Nyathi J specifically referred to the principles set out in Plascon-Evans Paints Ltd v Van Riebeeck Paints [3] and held that the respondent’s version could not be rejected as far-fetched or untenable.
The Court also rejected the applicant’s reliance on section 20(7) of the Companies Act 71 of 2008, which permits a person dealing with a company in good faith to presume that the company has complied with all formal and procedural requirements. While the Court accepted that this may be a relevant consideration at the level of “commercial probability”, it nevertheless found that the issue of authority remained genuinely disputed on the papers.
Equally significant was the Court’s treatment of vagueness and certainty of contractual terms. The respondent argued that the alleged agreement failed to specify either a fixed rental amount or an ascertainable mechanism by which the rental could be determined. The Court found that this was not a contrived defence. Instead, it constituted “a substantive contractual contest unsuited to motion liquidation proceedings”.
The judgment repeatedly emphasises the limited role of winding-up proceedings in the resolution of contractual disputes. Nyathi J noted that winding-up proceedings are not designed to resolve material disputes concerning the existence of indebtedness and reaffirmed that where a debt is bona fide disputed on reasonable grounds, the creditor’s remedy lies in action proceedings.
Perhaps the most striking passage in the judgment appears in paragraph 19, where the Court stated that contested issues of authority, contract formation, and essential terms should be ventilated by way of action proceedings “with oral evidence and discovery, not the blunt instrument of corporate death by winding-up”.
That phrase captures the policy rationale underpinning the Badenhorst principle.

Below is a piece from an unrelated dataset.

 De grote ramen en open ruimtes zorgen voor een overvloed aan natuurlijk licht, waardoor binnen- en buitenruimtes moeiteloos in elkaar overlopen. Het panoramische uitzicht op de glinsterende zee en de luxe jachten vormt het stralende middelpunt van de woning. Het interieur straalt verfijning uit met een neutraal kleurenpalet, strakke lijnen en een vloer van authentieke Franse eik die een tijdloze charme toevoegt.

Liquidation proceedings carry severe commercial consequences and are not intended to operate as procedural leverage in ordinary commercial disputes.
Notably, however, the Court stopped short of criticising the applicant’s conduct as abusive or vexatious. Nyathi J accepted that the applicant had relied on a documentary trail, invoices, and a certificate of balance, “often invoked in commerce”. The Court accordingly refused to grant punitive costs and instead ordered costs on the ordinary party-and-party scale.
The judgment serves as a timely reminder that creditors considering liquidation proceedings must carefully assess the underlying contractual foundation of their claims before invoking the insolvency process. Disputes relating to authority, contract formation, certainty of essential terms, or enforceability may well render liquidation proceedings inappropriate, even where invoices have been rendered, services performed, and partial payments made.
For insolvency practitioners and commercial litigants alike, the judgment is a reaffirmation that the Badenhorst principle remains firmly embedded in South African insolvency law, and that the courts will continue to guard against the use of winding-up proceedings as a substitute for ordinary action proceedings.
[1] Maralco Business Advisors CC t/a Maralco Plant Services v GMK Civils (Pty) Ltd (2026) ZAGPPHC (20 April 2026).
[2] Badenhorst v Northern Construction Enterprises (Pty) Ltd 1956 (2) SA 346 (T).
[3] Plascon-Evans Paints Ltd v Van Riebeeck Paints[3] (Pty) Ltd 1984 (3) SA 623 (A).